• _TASK_:
When the word "SHOM" shows up in a line of the data below, copy that whole line.
Segment Start: INPUT FOR THIS TASK
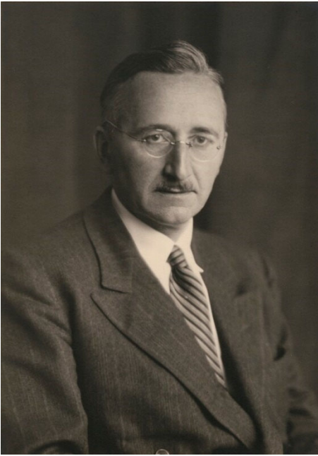
Friedrich von Hayek

Plunder and predation seem to me somewhat different. While there are unusually greedy people, unusually bloodthirsty people, and people unusually driven to dominate, plunder and predation are only sometimes closely linked to such people, and such people are not necessarily the most effective at those tasks. As David notes, really large-scale plunder and predation are never the work of one man alone--and the ability to carry them out on a large scale over a sustained period requires the ability to credibly commit to sharing the proceeds of plunder across the dominant groups. The one monstrous ruler may commit true horror for years or decades without teaching us much about what stable long-term domination and exploitation really look like. The coalitions of elites that make up governing structures are better able to carry on their plunder without genocidal sociopaths.
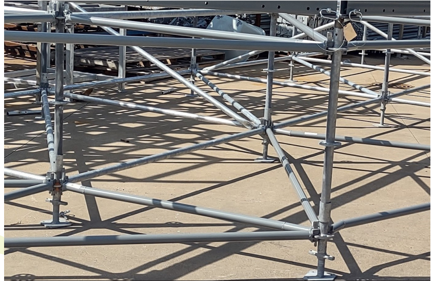
Substructure for Epic Round
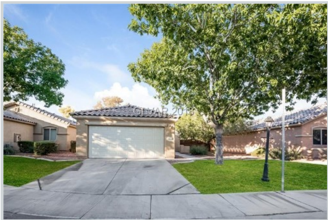
Listing Comp 2 5644 Great Eagle Ct

Address 5419 Golden Leaf Ave, Las Vegas, NV 89122 Loan Number 36764 Suggested List $215,000 Suggested Repaired $215,000 Sale $205,000
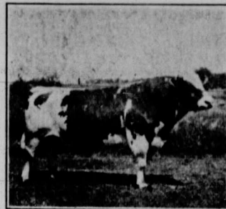
'Sir Pietertje de Riverside'
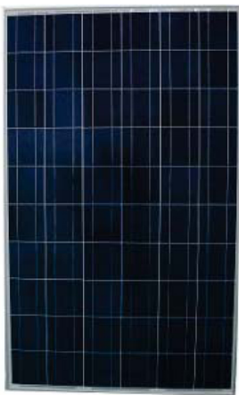
High Efficiency PV Modules
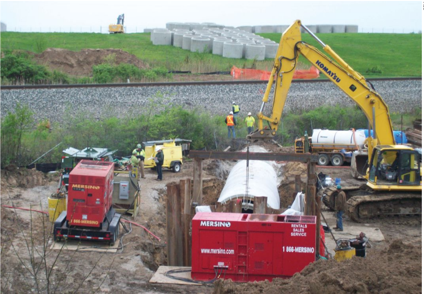
Concrete pipe ran under a railroad, a local road, several access roads, an expressway, and a golf course, and over two streams.

GFIA chose to install a new stormwater detention and treatment system on the east side of the airport and rerouted the stormwater from the west air carrier apron to the new system. From there, pipe takes the treated stormwater to a new outfall on the Thornapple River.
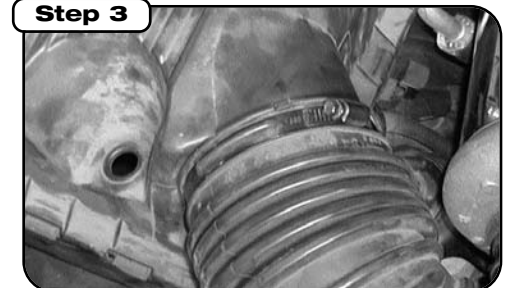
Loosen clamp at turbo inlet and remove top half of filter box and filter element.
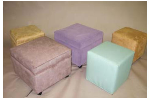
SEVERAL VARIETIES OF OTTOMANS
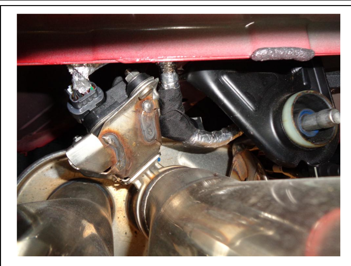
Step 1. To begin, determine if your vehicle has OE exhaust valves, if so, you will need to unplug and the electrical connection on the Exhaust Valve Control Motors (Qty 2)located on the OEM exhaust assembly, also disconnect wire harness mounting plug.
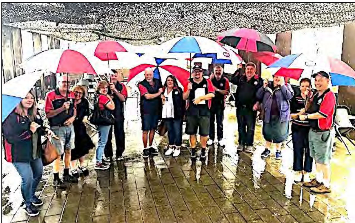
The start of eastern Australia's 'big wet'. Love the Morris Minor umbrellas!
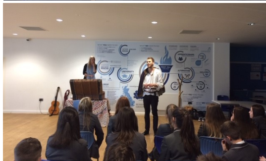
Shakespeare in a suitcase: performers from Splatsentertainment presenting their rendition of Romeo and Juliet
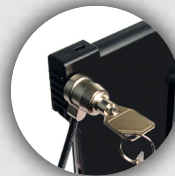
Anti-Theft lock with key
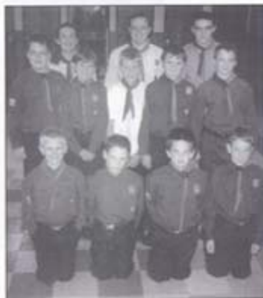
Mallory Troop Scouts
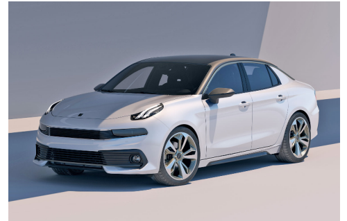
LYNK& CO 03 FOUR-DOOR SEDAN
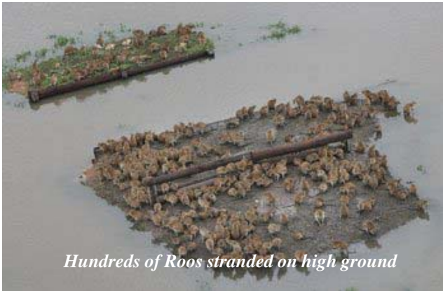
Hundreds of Roos stranded on high ground

www.uq.edu.au/news/index.html?article=22455 "In an effort to eliminate the global burden of dengue fever, an Australian-led international
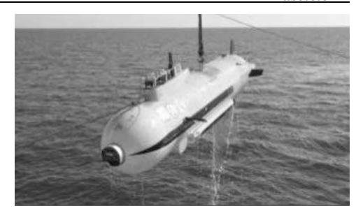
Fig.6. Image The AUV Daurade by SHOM

In the field of oceanography and hydrography, AUVs are used to perform various measurements or to map the seabed. Thus, the SHOM (Hydrographic and Oceanographic Service of the Navy) has an AUV, called Daurade, which is dedicated to REA (Rapid Environmental Assessment) missions (see Fig. 6 below).
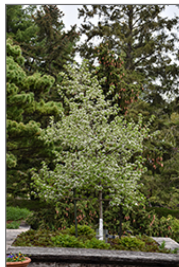
Korean Sun Pear in bloom
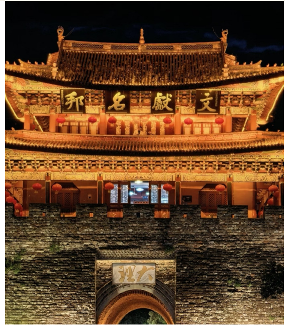
A vertical scenic photograph supports the old-town and highland narrative.
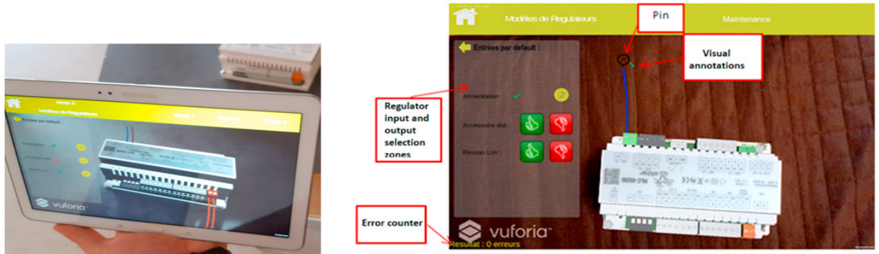
Fig. 2. (a) A screen-shot of the configuration guide module in augmented reality of the terminal controller; (b) A screenshot of the augmented reality maintenance guidance module.

verify the connection (see Figure 2-b). As this figure illustrates, by clicking on the pins the technician will have the choice between two checkboxes. He should click on the green button "correct" if the cable of his connected regulator (real model) is in the right place, or the red button "incorrect" if his cable is in the wrong place. To keep track of these checks, he will find instead of the pin a visual annotation. In addition, this module allows calculating the number of bad cables connected, the time of the execution of the task, the number of cliques and therefore to generate the report of results.
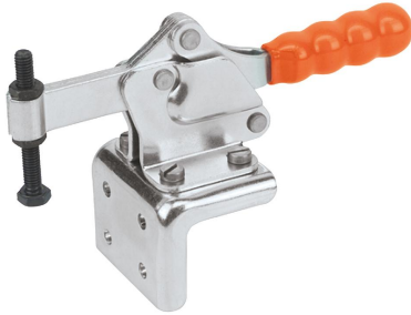
Angle bracket for front face mounting (see accessories)
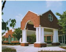
Barnabas Health Behavioral Health Center
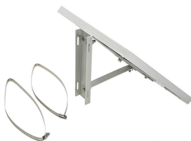
Solar panel mounting tool Model number: 53705
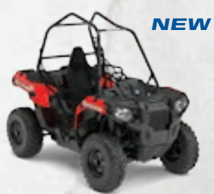
32HP POLARIS ACE® 500 INDY RED
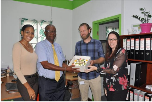
The President of the SEF thanking Satel N.V. for sponsoring the SCS with school materials
Segment End: INPUT FOR THIS TASK
• _TASK ANSWER_:
Fig.6. Image The AUV Daurade by SHOM
In the field of oceanography and hydrography, AUVs are used to perform various measurements or to map the seabed. Thus, the SHOM (Hydrographic and Oceanographic Service of the Navy) has an AUV, called Daurade, which is dedicated to REA (Rapid Environmental Assessment) missions (see Fig. 6 below).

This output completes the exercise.